Features for Earth System Visualizations
    - what are already available from IDV, what are still needed?
    
    
Why was birdvis created? Why do people love birdvis?
  - computer science research aspects of visualizing the data
  - a common interest from both the computer science and earth science groups
  - data volume handled by birdvis may not be as big as "carbonvis"

Issues to address:
1.   number of days per year 
    (needs to be fixed so that all models and observations have the same value or it needs to be corrected)

2.    What is the volume?:
           Massive Image Streaming T (MIST) handles zooming in, with a preprocessing (aggregates) and modifies the spatial data
                x-y spatial data resolution:  MODIS:  250m is the smallest
                z:  50 vertical layers

    MsTMIP:  half/quarter degree and monthly
    SI2:  Data assim:  50 vertical layers, xx degree, and ?monthly?

3. Regridding problem
    - mismatch in space
    - mismatch in time
    - interpolation methods: linear, conservative, dominant, ...

what is the possiblity of doing innovative research that benefits the Grad Student, plus the four projects, plus DataONE.
identify EVA subgroups that can work issues
need to identify papers that the EVA group / subgroups can prepare


ILAMB:  products in January, 2012
MsTMIP:  model driver data sets available (global & North American),  model output products in March, 2012 (global)
SI2:  December 2011 (sample data available), near-realtime data
Yiqi: push forecast activities forward

need to evaluate commonalities of four activities
    SI2 , MsTMIP, ILAMB: highly similar

start with one activity (some concrete idea)
- model skills as a function of time (MsTMIP), is that something similar to the birdvis can be done for not only interactive visualization, but also evaluation of models quantatively?

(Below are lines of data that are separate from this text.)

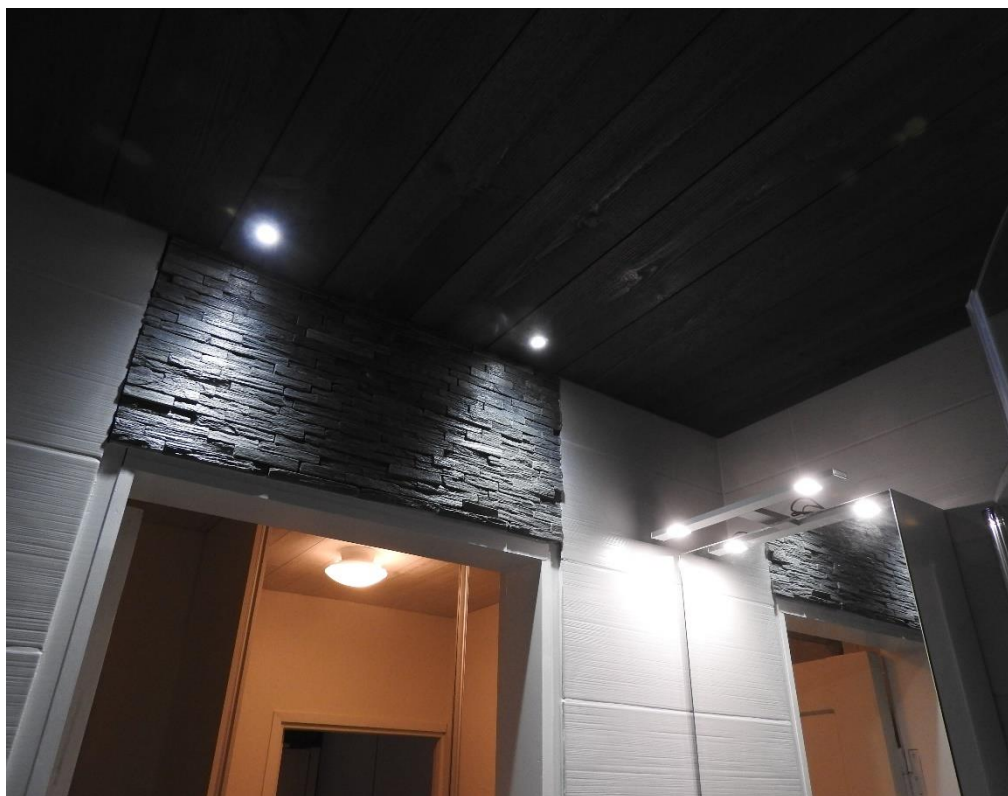
Kuva 5. WC ja suihku tilojen valaistus.

Valaistuksessa kiinnitettiin huomiota sen riittävyteen erityisesti peilin edessä, jolloin päädyin kattovalaistuksen lisäksi lisävalaistukseen peilin yläpuolella. Valaisimeksi valittiin Esther-led-valaisin.
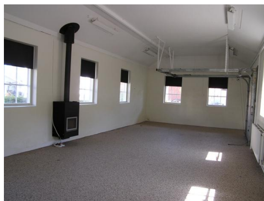
Olaf Ryes Gade 7 B-Z - værksted
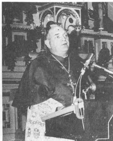
Vyskupas Alfredas Abramowicz taria užuojautos žodį Lietuvių tautai Chicagos arkivyskupijos vardu.
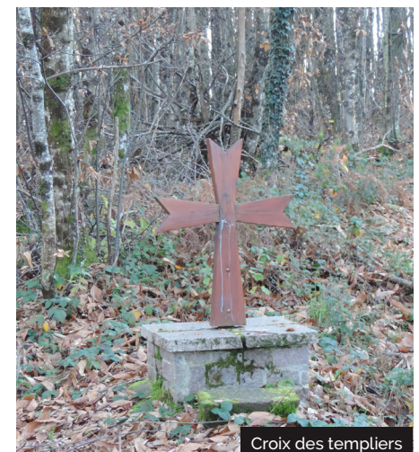
Croix des templiers

8 A gauche, prendre le long et droit chemin ramenant au point n°2. De là : retour en sens inverse au départ pour cela reprendre à droite sur la petite route pour retrouver le chemin à gauche et revenir au point de départ.
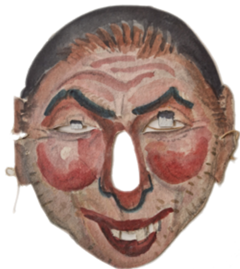
Een van Gestels maskers die het Stadsmuseum graag in de collectie wil hebben.

Defensie-eiland - van werkplaats tot woonwijk sluit mooi aan op het thema 'Erfgoed en architectuur' van de Open Monumentendagen 2025. Op 13 en 14 september is het museum
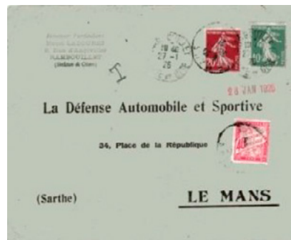
Lettre postée le 27 janvier 1926 à Rambouillet (Seine-et-Oise) à destination du Mans (Sarthe). Affranchie à 30c avec 2 timbres-poste au type Semeuse, un à 10c (YT 159) et un à 20c (YT 39). Taxée à 40c avec un chiffre-taxe au type Duval (YT 35) pour excès de poids, le tarif pour une lettre de 50g ou moins était de 50c depuis le 17 juillet 1925, insuffisance de 20c et donc taxe de 40c.

Il servira ensuite du 1 er mai 1926 au 8 août 1926, environ 4 mois, pour la taxation des lettres officielles de 20g ou moins non affranchies. Il a été retiré du service le 9 août 1926 quand le tarif des lettres de 20g ou moins du service intérieur est passé à 50c.
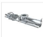
Transportadores sin fin
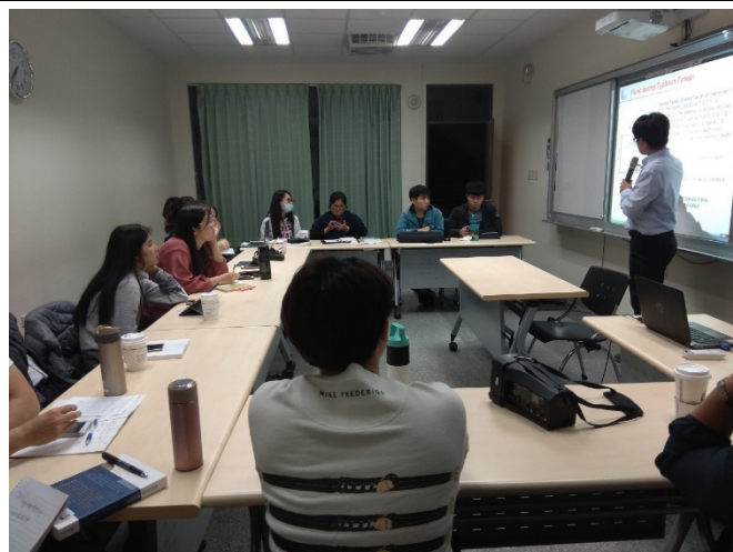
圖 4 講座畫面。

Products:  visualization tools, papers

STAR - Global Vegetation Health Products: http://www.star.nesdis.noaa.gov/smcd/emb/vci/VH/vh_browse.php


3.  Metrics / benchmarking
    -requirements
        
    -- From Randerson
               - need to check to make sure we've got latest version before final runs for paper
    -- iLamb 1.0 will have some sort of library of tools, an integrated interface/system may not be applicable at this moment
    -- move data to models? move models to data?
       - need a centralized inventory holding summary data and tools, they can be distributed to different machines
       - a web-interface will useful for sharing

    requirements
    -metrics
      -- weighting factor: different model teams have their own idea on how the factors shall be, they focus on different aspects: carbon, water, ...
      -- scores: 
          - multiple algorithms needed for each parameter (CO2, LAI, soil carbon, ...), multiple scores will be generated for each parameter, they need to be combined into a single score
          - convert multiple scores for different parameters into a single overall score, weighting factors are needed in this step
      
    -data 
      -- data interoperability: bridge different obervational and model data sources from different organizations/data centers together, need CI to support this. Scope: data discovery, variable name/metadata (for understanding data), data access. this is a long term and challengable activity, may not be durable in the next year, may need 2-3 years work. projects like MsTMIP doesn't have time for this CI to be set up, they need to make progress in a timely sense.
      -- requirements on CI: the whole lifecycle to discover data, transport data into the computing environment for model simulation.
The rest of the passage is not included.